Thursday Jan 18, 2007

HTML class attributes aren't just for CSS

HTML's class attribute was meant to be used in several ways, not just as a CSS tie-in. According to the HTML spec, class attributes are a general-purpose semantic hint. Here's an example of such a usage:

<div class="calendar">

There are at least three ways classes are useful outside the CSS context:

  1. They make HTML structurally self-documenting. HTML is fairly generic. Classes allow you to specify the meaning of various parts of your document, making it easier for yourself and others to unravel its meaning in the future.

  2. They serve as triggers for unobtrusive JavaScript. Now that hard-coded event attributes are dying off, class attributes allow JavaScript to dynamically select and operate on various parts of the document.

  3. Classes are a key part of microformats, which allow online tools to extract meaning from HTML code. Being plain old snippets of HTML, microformats are readable by humans using browsers. But because they're built in a standardized way, they can also be understood by software.

Tuesday Jan 02, 2007

How this Blog Design was Created

I decided to go the total web-standards-nerd route in creating this blog design. Semantic HTML, source-order, accessibility, and unobtrusive JavaScript were all factors from the outset.

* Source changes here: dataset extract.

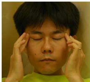
短い時間でも毎日続けましょう
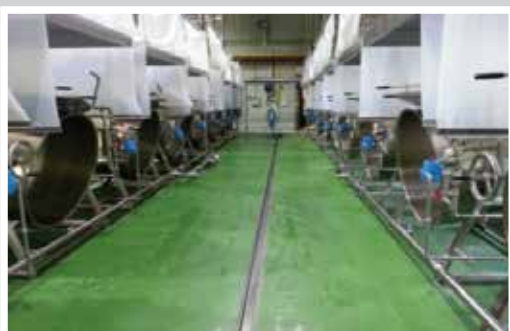
SÀN NHÀ MÁY SẢN XUẤT THỰC PHẨM

The first thing I did was to customize the "Basic" theme. This gave me a starting point. I removed all presentational information, starting with the CSS code. Then I went through the HTML and removed presentational hints. For example, layout tables, <center> tags, &nbsp; characters, etc. Even things like class="left-bar" had to go. "Left" is too presentational, and I relaced it with "sidebar," since it might be argued that "sidebar" is a semantic hint. (Yes, that's how much of a nerd I am.) Fortunately there wasn't much presentation baked into the HTML to start with, because most Roller themes are pretty good about separating content and style.

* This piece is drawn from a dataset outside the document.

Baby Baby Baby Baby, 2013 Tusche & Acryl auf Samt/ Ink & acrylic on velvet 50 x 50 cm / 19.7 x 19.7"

Next to go was JavaScript. I had just removed the presentational layer, and now it was time to remove the behavioral layer. These layers would be added back in later via external files, once the HTML-only blog was proved working.

Wherever possible, I made the HTML as semantic as possible; selecting and organizing tags elements by meaning and structure. Source-order sensibilities were used, placing more important things higher in the source code. Headings/sections were arranged such that if you removed all but the headings (<h1> - <h6>) you'd get an outline of the page. <p> was used to contain all logical fragments of text. <div> was used to delimit sections. <ul> was used to build lists. It turns out, semantic HTML is really pretty brainless and straightforward, once you yank out presentational noise.

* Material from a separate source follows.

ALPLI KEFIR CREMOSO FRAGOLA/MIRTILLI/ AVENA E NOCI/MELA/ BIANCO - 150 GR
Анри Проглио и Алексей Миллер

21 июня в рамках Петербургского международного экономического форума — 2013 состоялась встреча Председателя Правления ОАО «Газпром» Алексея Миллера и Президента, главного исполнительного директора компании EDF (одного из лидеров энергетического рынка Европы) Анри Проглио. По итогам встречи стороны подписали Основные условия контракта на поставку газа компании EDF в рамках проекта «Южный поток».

Once the blog was purified, it was boring-looking, but usable. No columns, just black Times New Roman text that strung all the way across the browser screen on a white background, with blue hyperlinks. It was nekkid! Time for some clothes. An empty CSS file was <link>ed to the blog, which I began populating, resulting in the current design.

As you may know, it's easy to do CSS design in Firefox, Opera and Safari, all of which understand and render CSS beautifully. But then you inevitably have to do battle with IE. Most designers approach the IE problem by peppering their CSS file with hacks. Hacks are oddly structured CSS commands that, due to IE bugs, either can't be understood by IE or can only be understood by IE. Instead of doing this, I used conditional comments to load corrective stylesheets into just IE. Conditional comments are an IE-only feature that look like regular HTML <!-- --> comments to real HTML parsers, but have special meaning to IE. This way, I was able to quarantine IE-specific bigfixes to a couple small, IE-specific files.

Thursday Dec 08, 2005

HTML as Self-Describing Data

Despite Sun's status as technology powerhouse and innovater of Java, there are a few software concepts that, culturally, we've failed to catch on to. Here's one of them. Over the past five years I've seen numerous attempts to build a system that represents web content structurally. For example, I once helped in converting documents to a custom XML schema for a web-based CMS. During the process I discovered that their XML schema basically duplicated HTML. The intent was apparently to build the one true web document format that avoided HTML's presentational pitfalls.

The problem was this: HTML already is a structural language, but it's been hacked and kludged by web designers for so long that programmers think of it as a presentational language. Rather than simply correcting this faulty notion in their own heads, they made everything more complicated by building a replacement for HTML and then building an XSL system to translate between them.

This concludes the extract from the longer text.